**ASSIGNED TASK**
The response should be exactly the number of lines in the material below that contain the word "silver".

**DATA SHOWN**
Start of Block

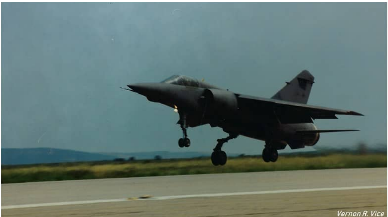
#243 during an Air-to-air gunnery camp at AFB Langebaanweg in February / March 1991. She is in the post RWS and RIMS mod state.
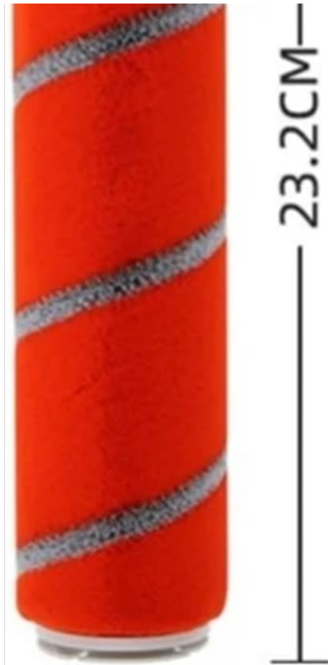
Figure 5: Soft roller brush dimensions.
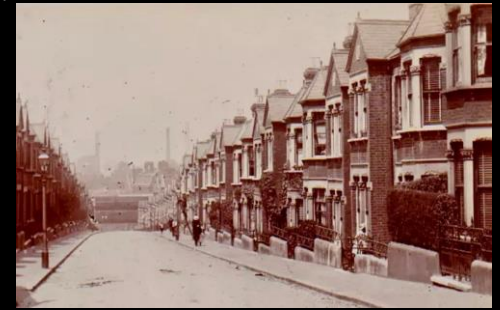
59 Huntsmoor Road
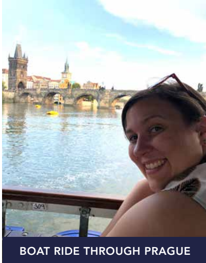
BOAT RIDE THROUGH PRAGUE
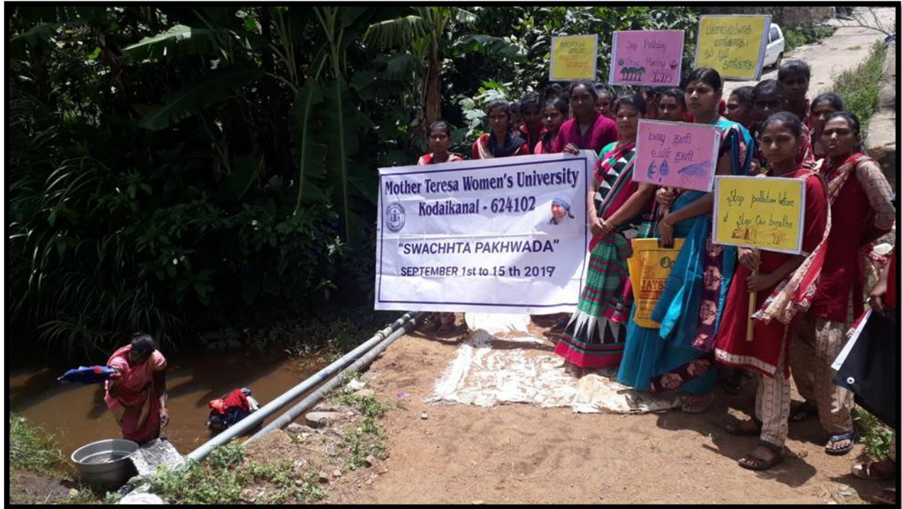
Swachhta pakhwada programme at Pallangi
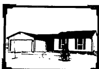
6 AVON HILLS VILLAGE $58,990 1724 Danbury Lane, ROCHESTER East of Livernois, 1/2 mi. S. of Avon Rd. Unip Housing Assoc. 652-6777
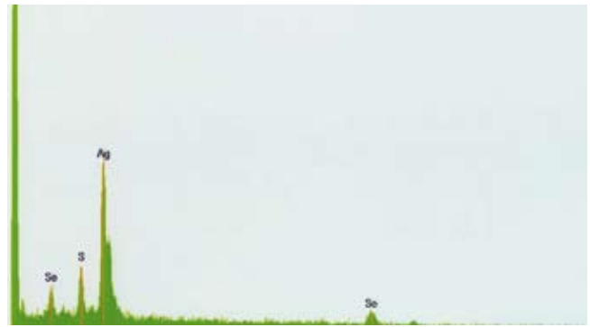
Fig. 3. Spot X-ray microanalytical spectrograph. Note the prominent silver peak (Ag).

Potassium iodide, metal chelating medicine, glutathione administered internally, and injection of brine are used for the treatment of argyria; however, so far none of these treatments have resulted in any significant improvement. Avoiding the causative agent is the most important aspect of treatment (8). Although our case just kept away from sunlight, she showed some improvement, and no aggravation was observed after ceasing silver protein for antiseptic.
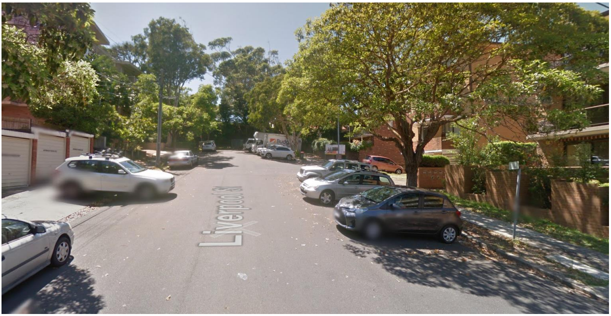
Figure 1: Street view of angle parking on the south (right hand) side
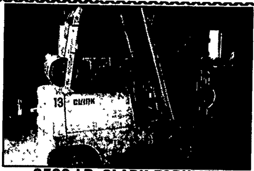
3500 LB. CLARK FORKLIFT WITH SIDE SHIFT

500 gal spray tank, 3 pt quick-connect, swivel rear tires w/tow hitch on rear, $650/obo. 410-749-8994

End of Block

**COMPLETED TASK**
2